Work instruction: The reply should contain the full listing exactly as written and no pictures at all.
··· Recorded data ···
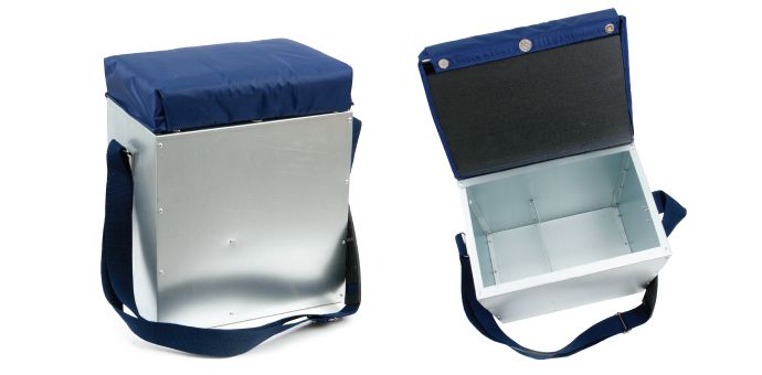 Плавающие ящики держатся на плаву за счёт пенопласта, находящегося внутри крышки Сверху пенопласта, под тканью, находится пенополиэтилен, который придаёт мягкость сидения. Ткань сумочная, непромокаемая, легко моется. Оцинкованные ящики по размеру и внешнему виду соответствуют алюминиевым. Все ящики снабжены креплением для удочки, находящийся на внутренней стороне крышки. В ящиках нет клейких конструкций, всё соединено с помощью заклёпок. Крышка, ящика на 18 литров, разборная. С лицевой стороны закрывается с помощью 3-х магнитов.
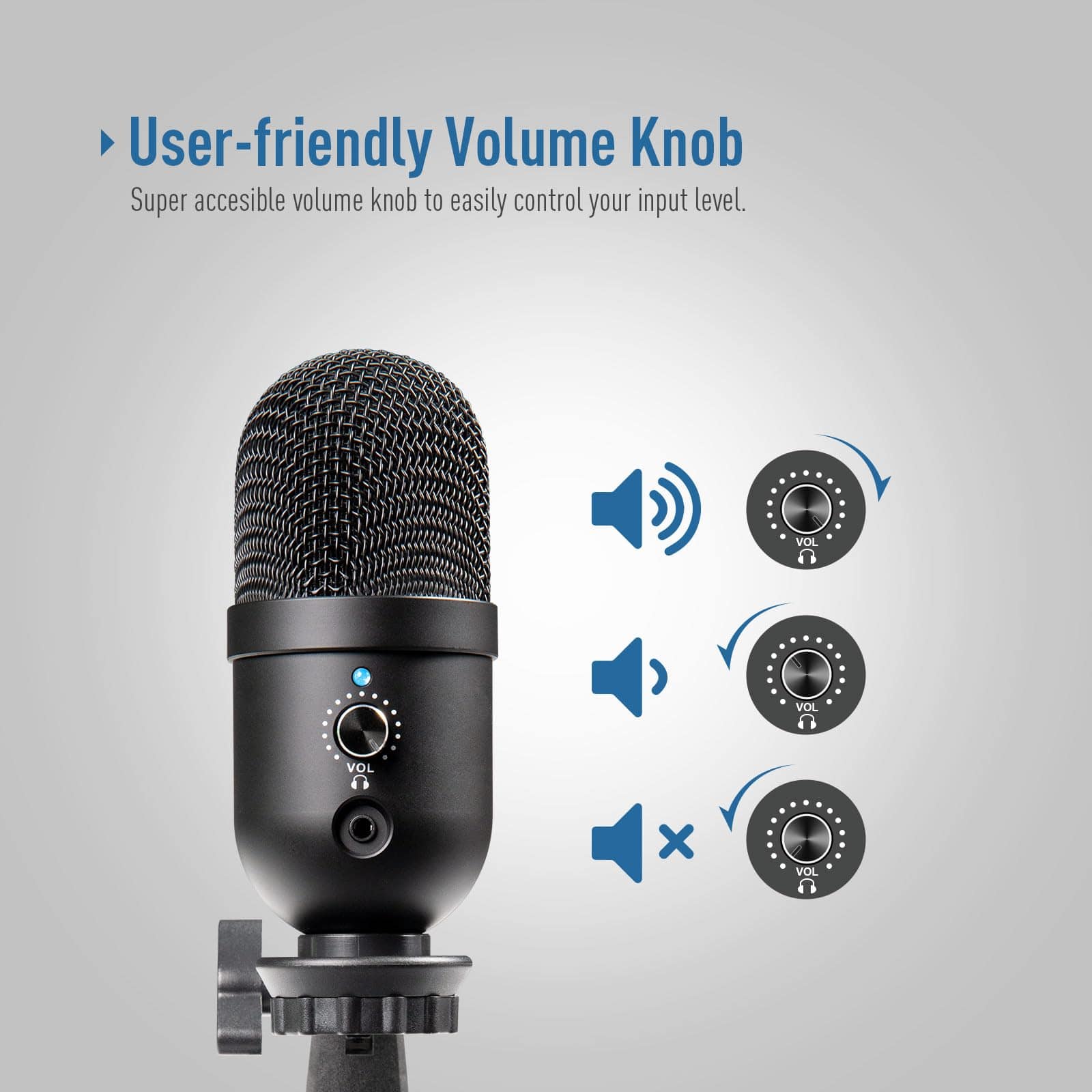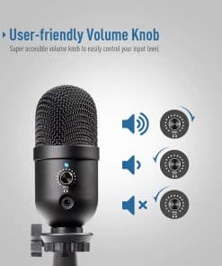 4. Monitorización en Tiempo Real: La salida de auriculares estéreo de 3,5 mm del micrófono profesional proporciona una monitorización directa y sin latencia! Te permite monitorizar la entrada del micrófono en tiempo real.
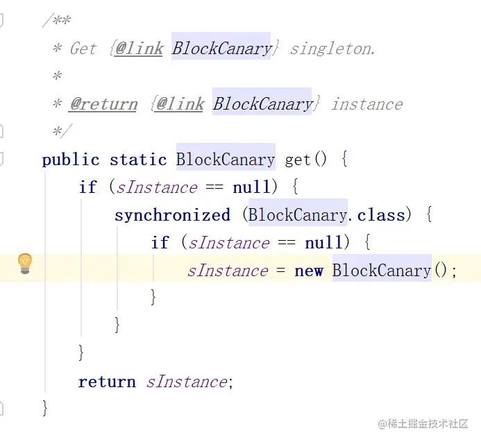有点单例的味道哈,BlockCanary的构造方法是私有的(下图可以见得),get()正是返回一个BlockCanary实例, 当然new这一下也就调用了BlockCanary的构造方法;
···
Answer to the problem:
 Плавающие ящики держатся на плаву за счёт пенопласта, находящегося внутри крышки Сверху пенопласта, под тканью, находится пенополиэтилен, который придаёт мягкость сидения. Ткань сумочная, непромокаемая, легко моется. Оцинкованные ящики по размеру и внешнему виду соответствуют алюминиевым. Все ящики снабжены креплением для удочки, находящийся на внутренней стороне крышки. В ящиках нет клейких конструкций, всё соединено с помощью заклёпок. Крышка, ящика на 18 литров, разборная. С лицевой стороны закрывается с помощью 3-х магнитов.
 4. Monitorización en Tiempo Real: La salida de auriculares estéreo de 3,5 mm del micrófono profesional proporciona una monitorización directa y sin latencia! Te permite monitorizar la entrada del micrófono en tiempo real.
有点单例的味道哈,BlockCanary的构造方法是私有的(下图可以见得),get()正是返回一个BlockCanary实例, 当然new这一下也就调用了BlockCanary的构造方法;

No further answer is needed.